Behind him, Grabowski is scowling down angrily. Against the other wall, he sees himself. His uniform, on his body, under his face, his own eyes gazing down at him. As if looking in a mirror – but no mirror. Just another living, breathing being – flesh and bone. But this man is not scrabbling his nails against the wall, he’s standing calmly, observing.


Waite grabs at his partner’s uniform with the emaciated fingers that don’t belong to him; fear prickling the backs of his eyes like hot needles, his throat tightening as if being squeezed by an invisible fist.


“Grabowski, it’s me! He’s done something to me!

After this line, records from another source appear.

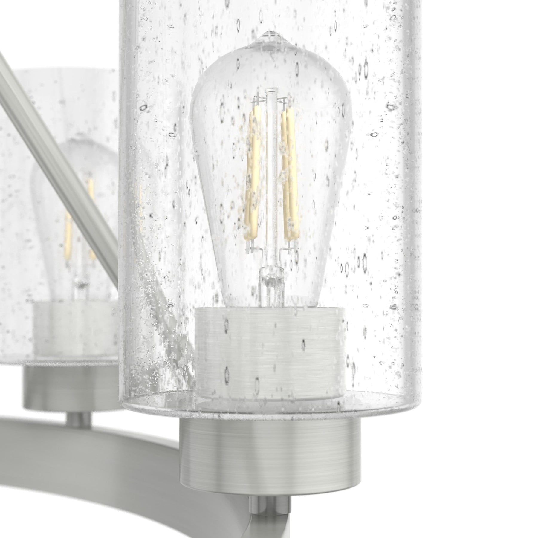 • Premium Materials: Constructed from formed steel and aluminum for enhanced durability, adorned with a brushed nickel finish and clear seeded glass shades.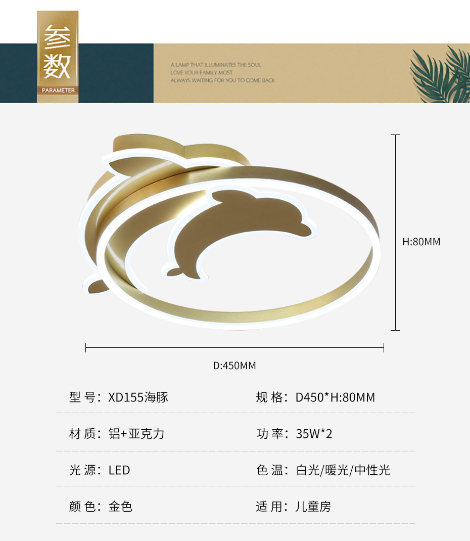 铝 亚克力 儿童房 现代简约 吸顶灯 LC155海豚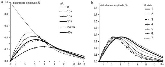 The disturbance amplitude value and the position of its curve maximum depend on the shear modulus of the upper layer and the viscosity of the lower layer. Figure 6 shows the results of calculations of the disturbance amplitudes depending on the distance from the railway, therefore, the movement of the curve maximum with distance from the railway is clearly visible. Different curves correspond to the times when the amplitude reached the maximum after the train passage, in our case, this was parameter . The disturbance amplitude reached a maximum at about 21 s (Figure 6a) after the train passing at a distance of 5 m (the sensor installation site); the maximum experimental velocity maximum occurred at 23.6 s. The calculation coincided well with the experiment (see Table 1). At the same time, the greater the value of , the smaller the disturbance amplitude. Table 2 contains the values of the soil parameters that we set for modeling, and Figure 6b shows the results. Thus, when the properties of the soils (shear modulus or viscosity coefficient) change, changes in the maximum values of disturbance amplitudes are observed.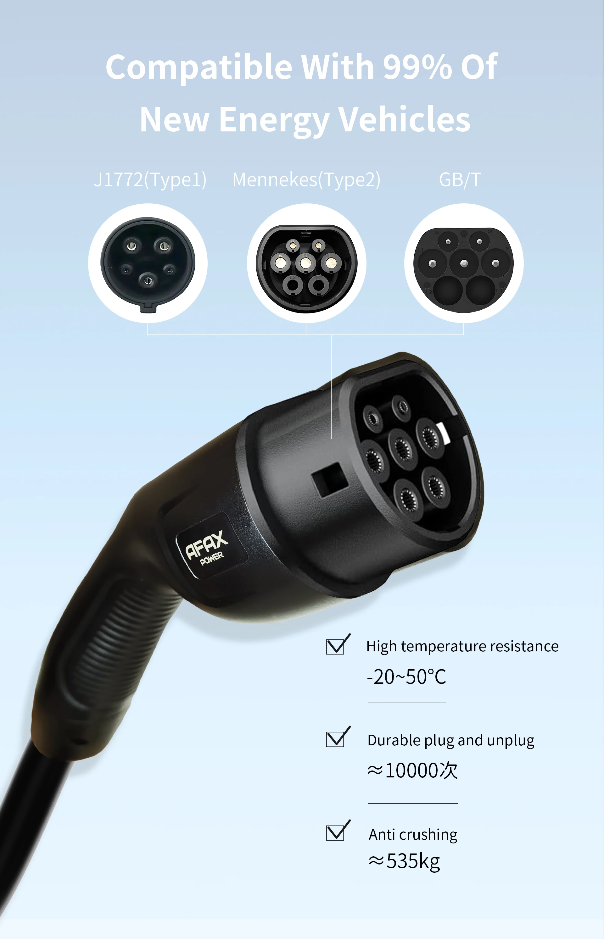 Safe and reliable: WATERPROOF & RESISTANT With our top sealing technology, the charging cable meets IP66 waterproof grade, you can easily charge your car in the rain.Protection against over/under voltage, overload, short circuit, leakage, earth fault, over temperature and lightning strike.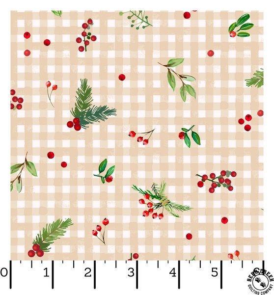 Maywood Studio Winter Wreaths Gingham Greens Cream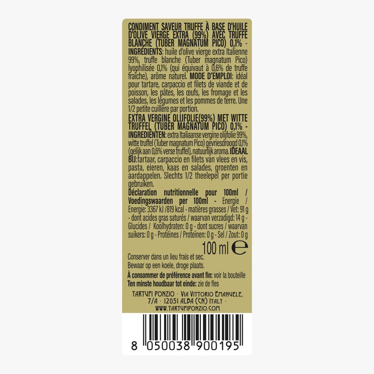 Condiment à base d'huile d'olive vierge extra saveur truffe blanche (Tuber magnatum Pico) Tartufi Ponzio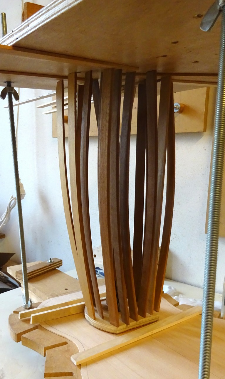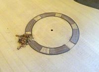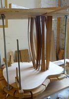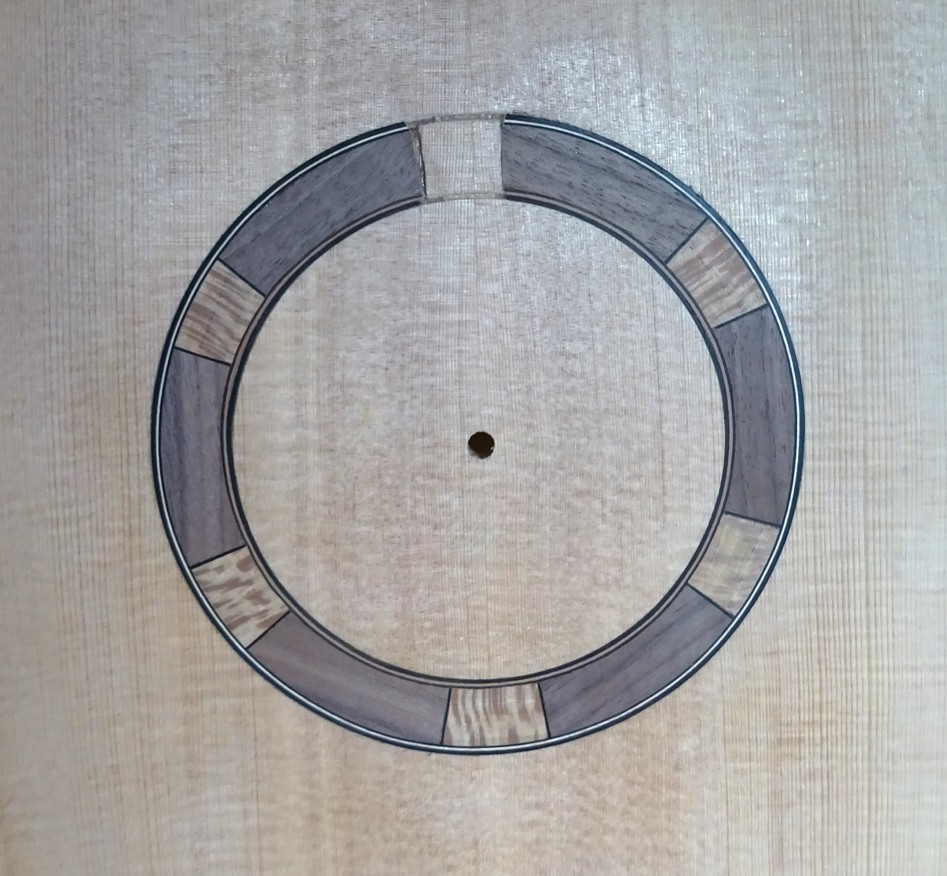 De rozet, toch een van de handtekeningen van een gitaar is ingelegd, en de versteviging onder de rozet zit er ook al op, dus na de opendeurdag kunnen we beginnen bebalken en de klank van de gitaar gaan bepalen.
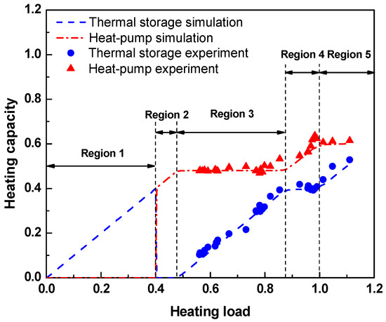 In Region 1, the thermal storage tank alone processes the load until heating load reaches reference cooling capacity. In Region 2, only the heat pump operates until the heating load is equal to optimum capacity of heat pump. In Region 3, heat pump operation is fixed at the optimum heating capacity, while the thermal storage tank handles the rest of the load. In Region 4, the thermal storage tank maintains the reference heating capacity. The rest is disposed of by the heat pump operating at a capacity between about 0.48 and 0.6, which are optimum and full-load heating capacities of the heat pump, respectively. Finally, in Region 5, the heat pump operates at full load as the load increases, and the thermal storage tank increases discharge rate to handle the rest.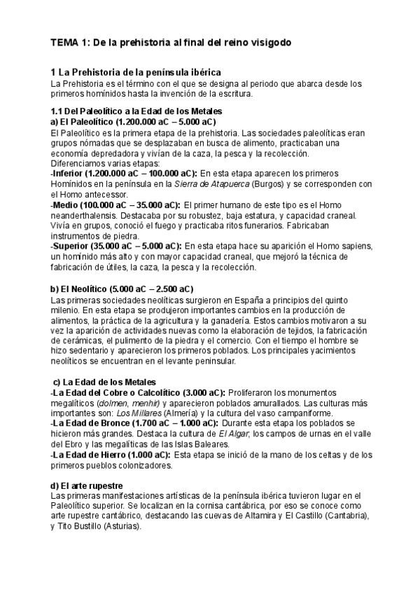 Apuntes de Historia de España. Tema 1: De la prehistoria al final del reino visigodo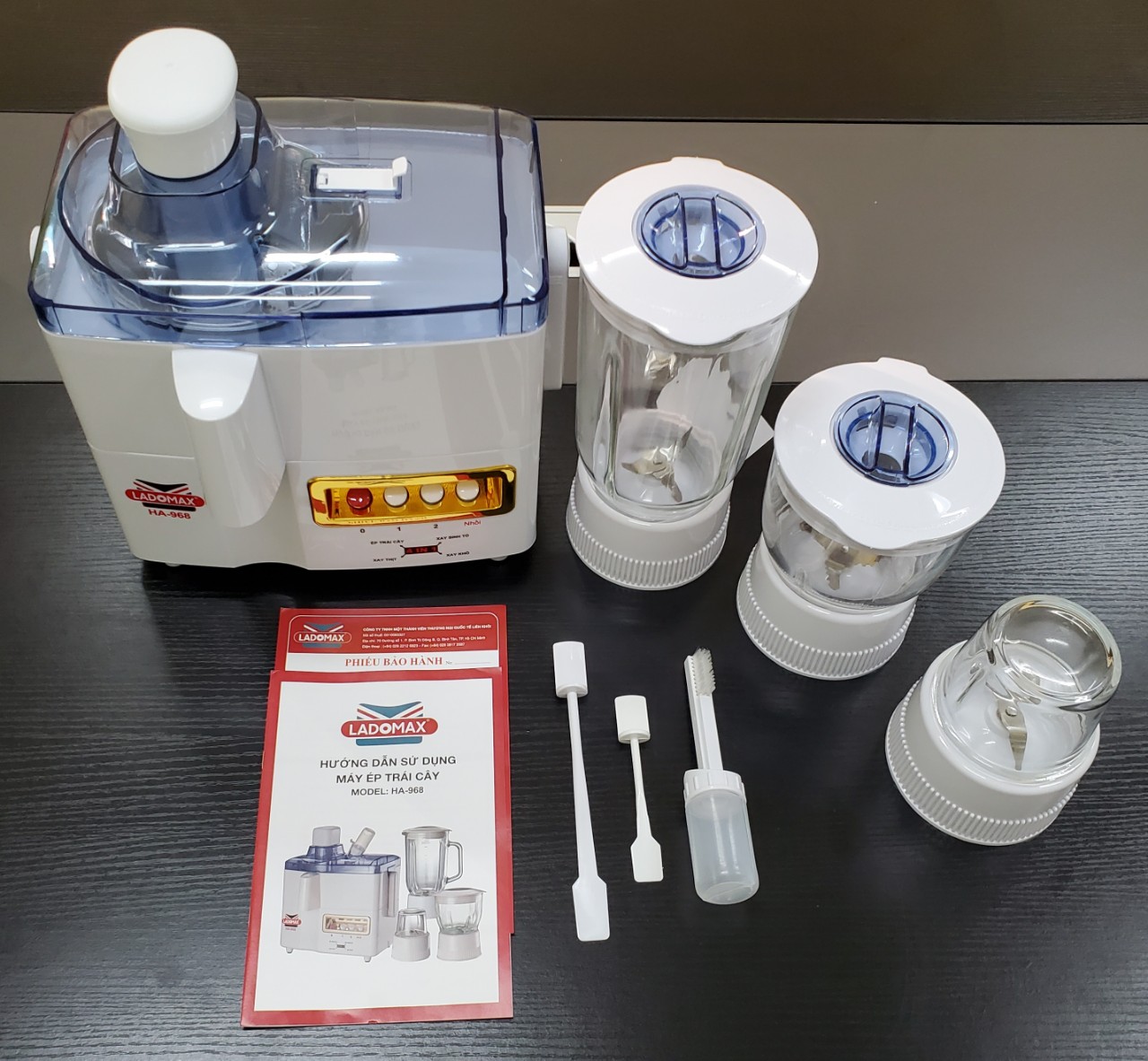 Máy xay đa năng Ladomax có nhiều cối riêng để xay sinh tố, thịt, xay tỏi và ép trái cây | HA-968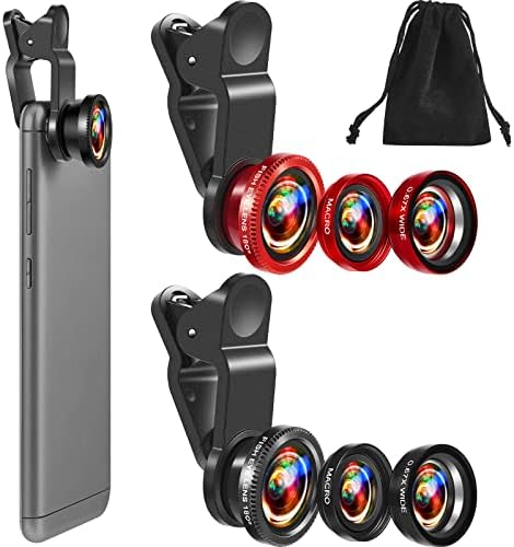 2 Pack Universal 3 in 1 Camera Lens Kit Phone Camera Lens Clip Fisheye Lens Macro Lens Wide Angle Lens Cell Phone Lens Attachments Compatible with Most Smartphones for Video, Live Show, Vlog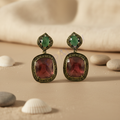 gold plating Tone Ruby & Emerald Earrings for Women | Statement Jewelry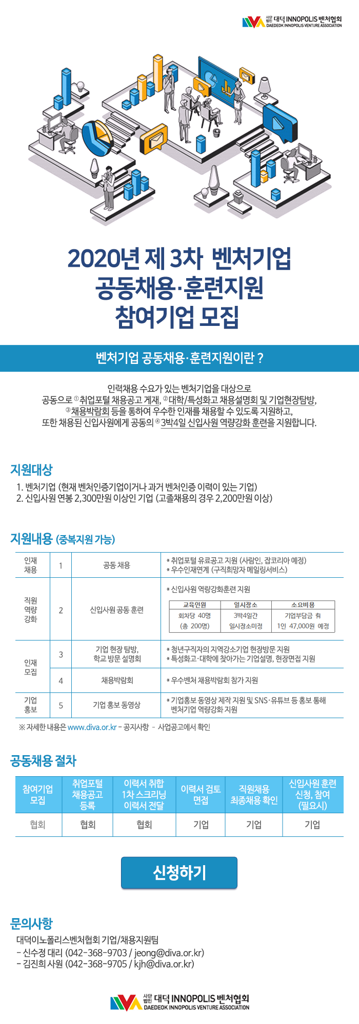[기업모집] 2020년 제 3차 벤처기업 공동채용훈련지원 참여기업 모집

That’s not me over there – it’s him!”


“Get off me!” growls Grabowski, smacking him so he falls back to the ground.


“But, it’s me!” Panic rises like floodwater.


“Who?” both guards say in perfect unison, leaning down to stare at him with unblinking eyes, flat and glassy. “Who are you?”


Terror-stricken, he lunges for the knife he knows is tucked into the belt of Waite’s – his – uniform. Once his fingers are wrapped around it, he dodges back and scrambles to the balls of his feet, crouching low, brandishing it like a wild animal.


“But who will you kill?” Both guards utter in perfect unison.


Now both of them are copies of him, Grabowski is gone. It’s only the two Waites, and him in the middle in the woollen cloak.


But he’s Waite, not them. Isn’t he?


His head spins.


If he stabs one of them, will he be killing the real him?


But what choice does he have?


He looks down at the strange brown fingers clutching the handle of his knife.


With a wail of anguish, he turns the knife plunges the blade deep into his own chest, gasping as it pierces lungs, then heart. Dark blood gushes out in a fountain.


Waite watches, with his head cocked, then raises his hand and flexes the fingers, watching them bend and unbend with interest. He inhales deeply, as if the old dank air of the corridor is laced with the scent of the most delicious nectar.


Grabowski looks down at the body sprawled between them, confused.


“Why did he do that?”


Waite smiles. “Maybe he couldn’t bear not knowing who he really was.”


Grabowski shrugs. “Whatever. Should we go back?”


“It’s a long way back, Let’s keep moving forward.”


“Okay.”


So, on they walk, down the endless corridor.